▶ **TASK OBJECTIVE**
Pictures are to be left out, and only the lines below starting at the one with "王健一行来到图文信息中心。浙师大融媒体中心 应琳歆 摄" and ending at the one with "交易策略:0.69496上方看涨,目标0.70182、0.70674" are to be reproduced, each exactly, both ends included.

▶ **SOURCE RECORDS**
▽

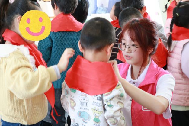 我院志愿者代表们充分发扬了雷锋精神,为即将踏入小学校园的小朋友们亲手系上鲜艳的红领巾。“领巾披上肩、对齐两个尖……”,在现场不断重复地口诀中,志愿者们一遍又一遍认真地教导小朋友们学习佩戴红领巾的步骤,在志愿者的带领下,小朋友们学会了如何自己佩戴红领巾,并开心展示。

△
▽

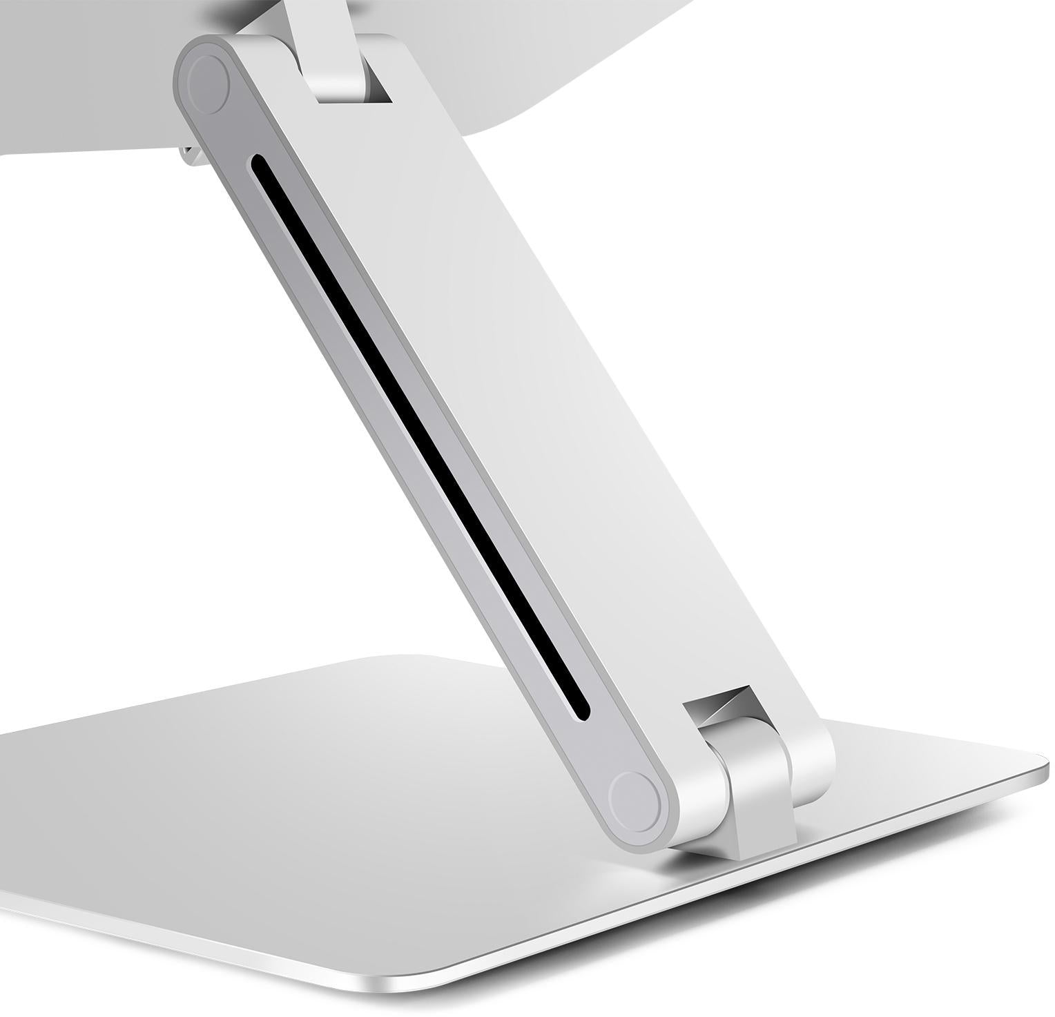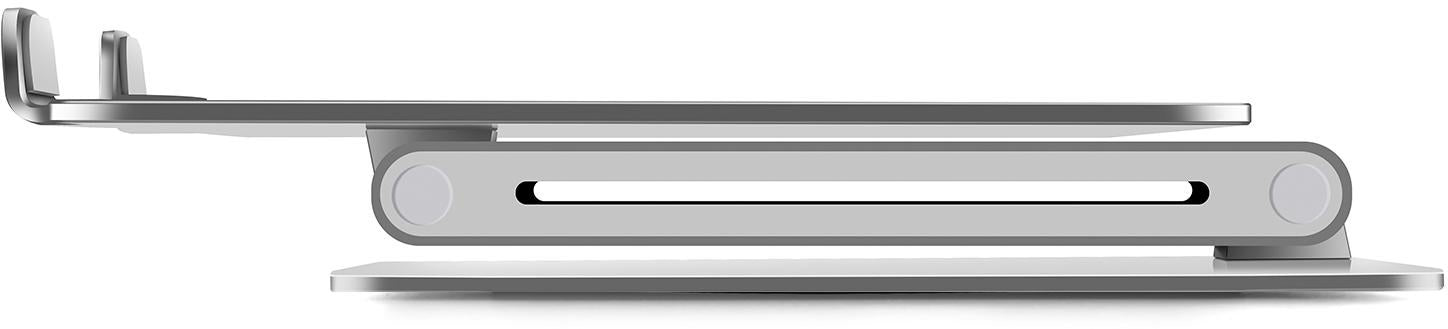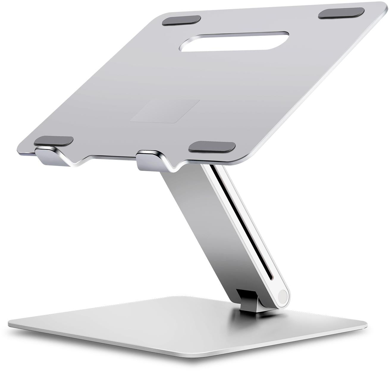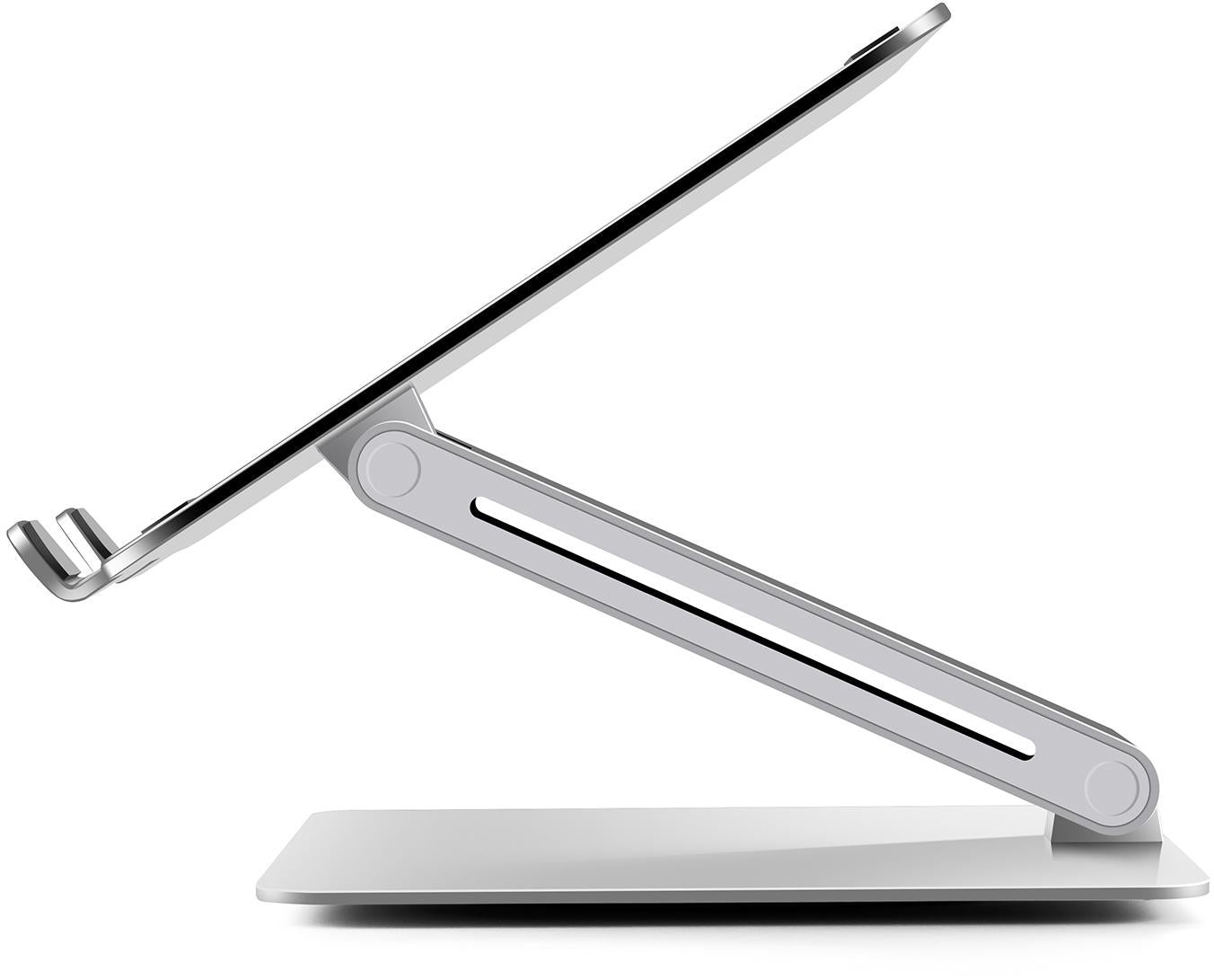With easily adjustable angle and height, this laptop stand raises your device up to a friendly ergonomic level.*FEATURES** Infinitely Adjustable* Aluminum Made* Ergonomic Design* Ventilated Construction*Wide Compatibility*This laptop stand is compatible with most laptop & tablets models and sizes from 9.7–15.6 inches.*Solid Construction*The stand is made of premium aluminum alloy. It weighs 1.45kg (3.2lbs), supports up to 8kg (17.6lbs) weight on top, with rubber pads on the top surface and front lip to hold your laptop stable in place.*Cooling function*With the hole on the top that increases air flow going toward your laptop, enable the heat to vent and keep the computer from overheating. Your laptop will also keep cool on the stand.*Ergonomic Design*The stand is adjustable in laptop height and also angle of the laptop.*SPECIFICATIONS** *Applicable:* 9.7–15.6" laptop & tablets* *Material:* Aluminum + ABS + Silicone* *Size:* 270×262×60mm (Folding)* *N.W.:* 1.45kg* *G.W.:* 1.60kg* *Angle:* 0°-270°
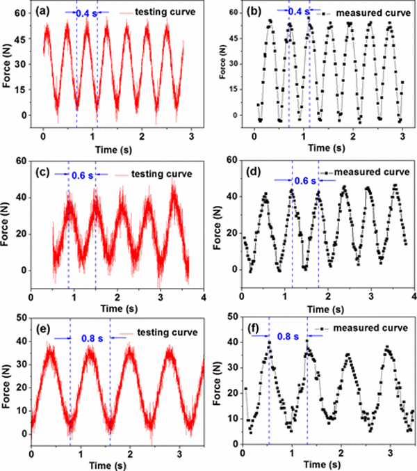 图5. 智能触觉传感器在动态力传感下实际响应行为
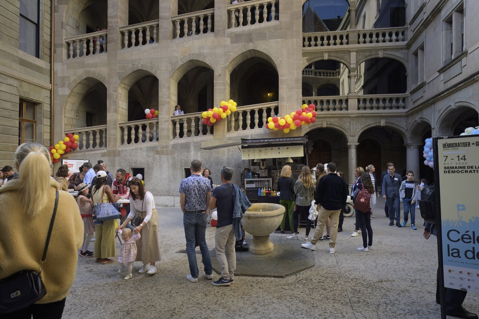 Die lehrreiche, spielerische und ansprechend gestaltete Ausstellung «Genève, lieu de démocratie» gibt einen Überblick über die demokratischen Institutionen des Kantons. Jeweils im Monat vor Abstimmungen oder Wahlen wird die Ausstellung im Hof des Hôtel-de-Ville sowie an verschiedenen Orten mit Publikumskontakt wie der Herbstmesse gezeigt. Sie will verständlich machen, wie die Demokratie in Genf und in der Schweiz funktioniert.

△
▽

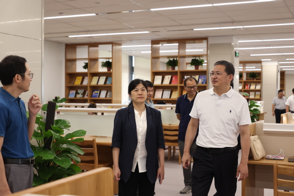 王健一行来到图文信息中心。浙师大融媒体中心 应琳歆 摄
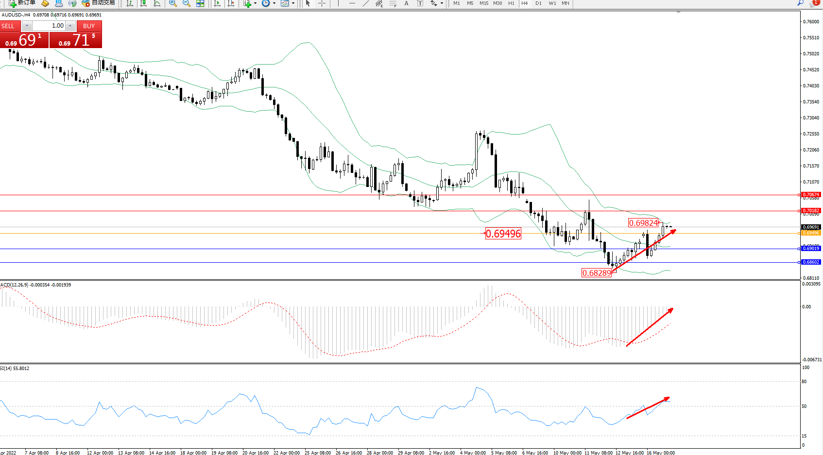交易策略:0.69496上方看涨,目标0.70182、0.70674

△

▶ **EXERCISE OUTPUT**
 王健一行来到图文信息中心。浙师大融媒体中心 应琳歆 摄
交易策略:0.69496上方看涨,目标0.70182、0.70674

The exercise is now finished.